Provided information:
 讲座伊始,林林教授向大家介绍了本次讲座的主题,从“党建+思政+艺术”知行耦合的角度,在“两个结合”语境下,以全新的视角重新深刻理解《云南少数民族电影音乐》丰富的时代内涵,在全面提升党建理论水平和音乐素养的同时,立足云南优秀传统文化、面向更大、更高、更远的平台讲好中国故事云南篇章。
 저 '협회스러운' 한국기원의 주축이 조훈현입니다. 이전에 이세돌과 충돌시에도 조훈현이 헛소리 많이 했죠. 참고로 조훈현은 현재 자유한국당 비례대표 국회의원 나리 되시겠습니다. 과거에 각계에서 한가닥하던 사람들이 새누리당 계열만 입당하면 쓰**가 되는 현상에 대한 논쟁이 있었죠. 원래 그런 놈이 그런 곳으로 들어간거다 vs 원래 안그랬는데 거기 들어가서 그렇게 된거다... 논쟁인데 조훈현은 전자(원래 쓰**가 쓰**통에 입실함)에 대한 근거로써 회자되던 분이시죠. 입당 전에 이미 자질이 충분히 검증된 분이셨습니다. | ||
==
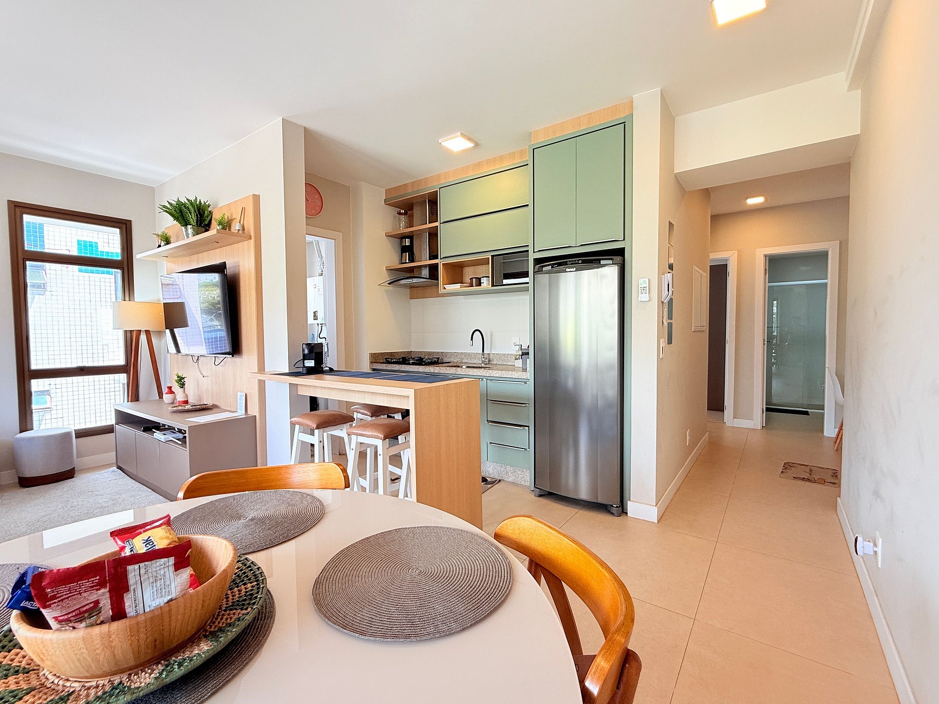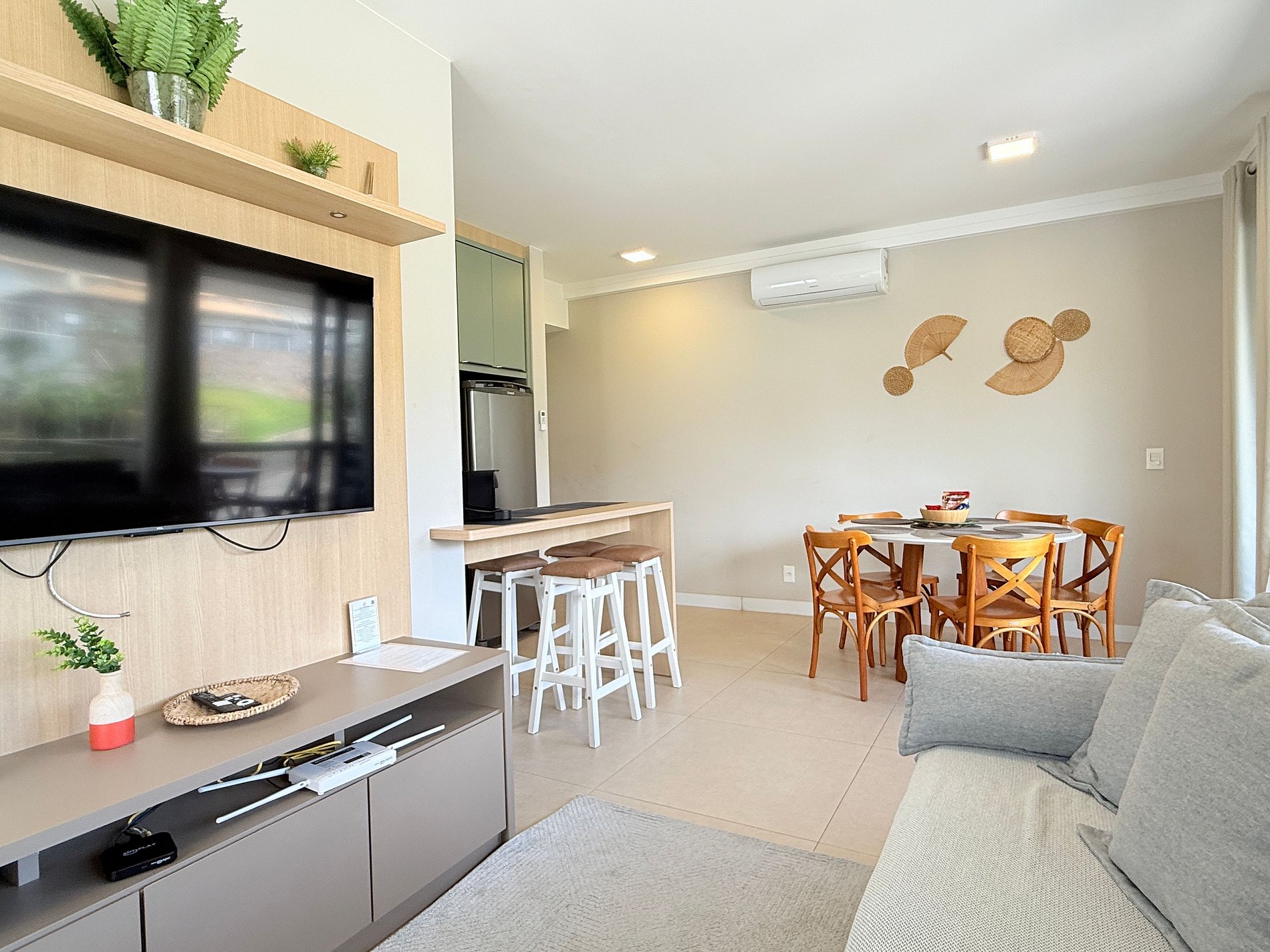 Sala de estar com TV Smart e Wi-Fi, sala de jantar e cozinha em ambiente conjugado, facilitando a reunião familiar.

Your goal: Copy the lines above exactly. Start with the line containing "讲座伊始,林林教授向大家介绍", end with the line containing "저 '협회스러운' 한국기원의", and include both.

Completed exercise:
 讲座伊始,林林教授向大家介绍了本次讲座的主题,从“党建+思政+艺术”知行耦合的角度,在“两个结合”语境下,以全新的视角重新深刻理解《云南少数民族电影音乐》丰富的时代内涵,在全面提升党建理论水平和音乐素养的同时,立足云南优秀传统文化、面向更大、更高、更远的平台讲好中国故事云南篇章。
 저 '협회스러운' 한국기원의 주축이 조훈현입니다. 이전에 이세돌과 충돌시에도 조훈현이 헛소리 많이 했죠. 참고로 조훈현은 현재 자유한국당 비례대표 국회의원 나리 되시겠습니다. 과거에 각계에서 한가닥하던 사람들이 새누리당 계열만 입당하면 쓰**가 되는 현상에 대한 논쟁이 있었죠. 원래 그런 놈이 그런 곳으로 들어간거다 vs 원래 안그랬는데 거기 들어가서 그렇게 된거다... 논쟁인데 조훈현은 전자(원래 쓰**가 쓰**통에 입실함)에 대한 근거로써 회자되던 분이시죠. 입당 전에 이미 자질이 충분히 검증된 분이셨습니다. | ||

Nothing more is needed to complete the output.